● **Work to complete**
What you should end up with is an exact copy of the lines from the one holding "Sicht aus dem Garten" through the last line of the entries below, both included, and nothing else; leave every picture out.

*** Task input

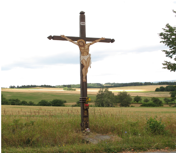
Kříž –poutní zastavení
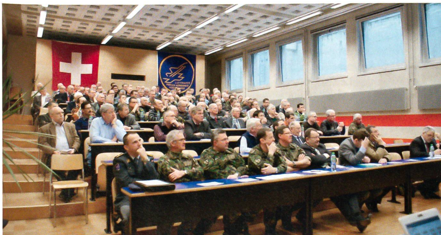
Gespannte Aufmerksamkeit an der Versammlung in Payerne.
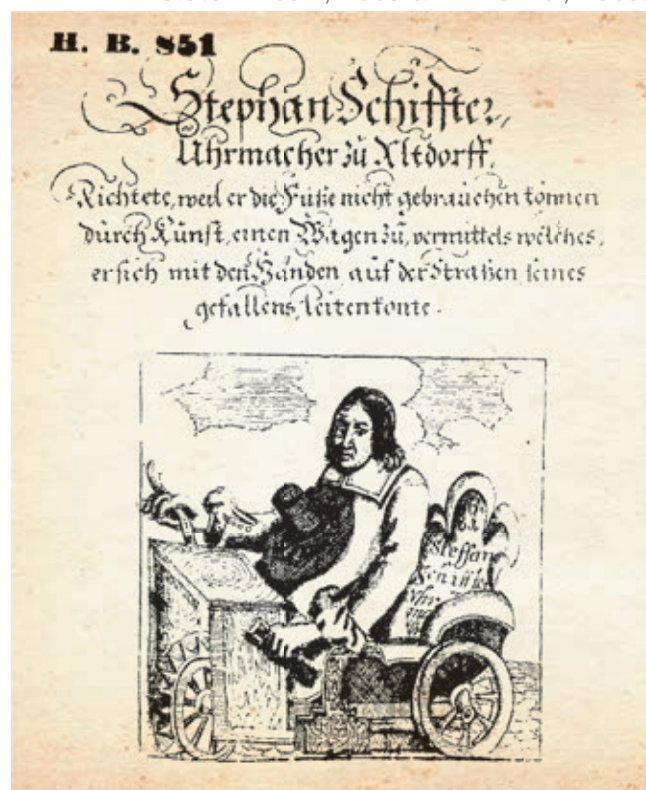
Le véhicule d'invalides de Stephan Schiffter. 1681.

Sources : Nurberg Germanisches National Museum graphische sammlung. Inv. Nr. HB 851 Kapsel 1385. Siehe HB 852 / 1385 et HB 25728 / 1385.
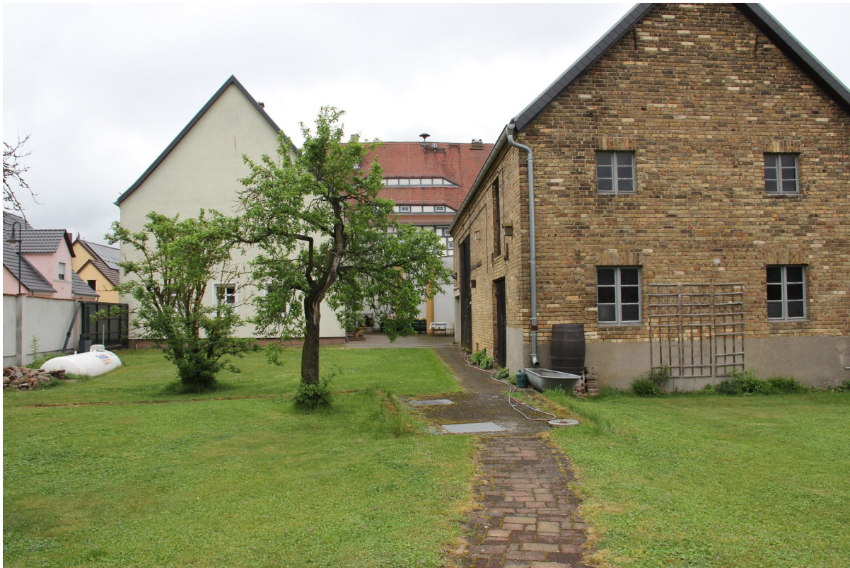
Sicht aus dem Garten
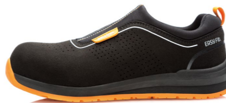
► 72352B-S1P EASY FIT SIN CORDONES
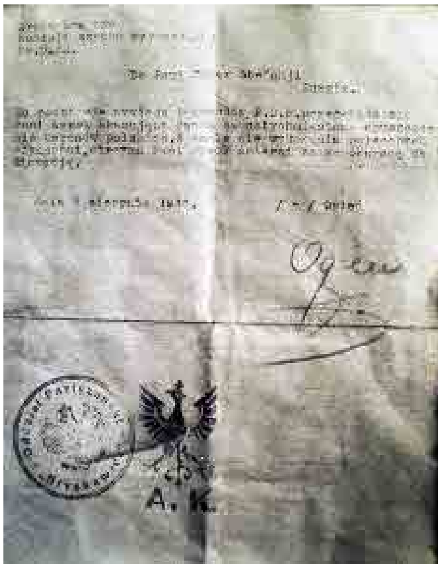
Príloha 2: Nariadenie s vlastnoručným podpisom "Ogna", ktoré slovenskej obyvateľke Jurgova pod hrozbou trestu smrti prikazuje okamžite opustiť poľské územie.

VHA Bratislava, f. VO-4, šk. 2, inv. č. 20, príloha k č. j. 77/Taj. 46

******

● **Answer space**
Sicht aus dem Garten
► 72352B-S1P EASY FIT SIN CORDONES
Príloha 2: Nariadenie s vlastnoručným podpisom "Ogna", ktoré slovenskej obyvateľke Jurgova pod hrozbou trestu smrti prikazuje okamžite opustiť poľské územie.

VHA Bratislava, f. VO-4, šk. 2, inv. č. 20, príloha k č. j. 77/Taj. 46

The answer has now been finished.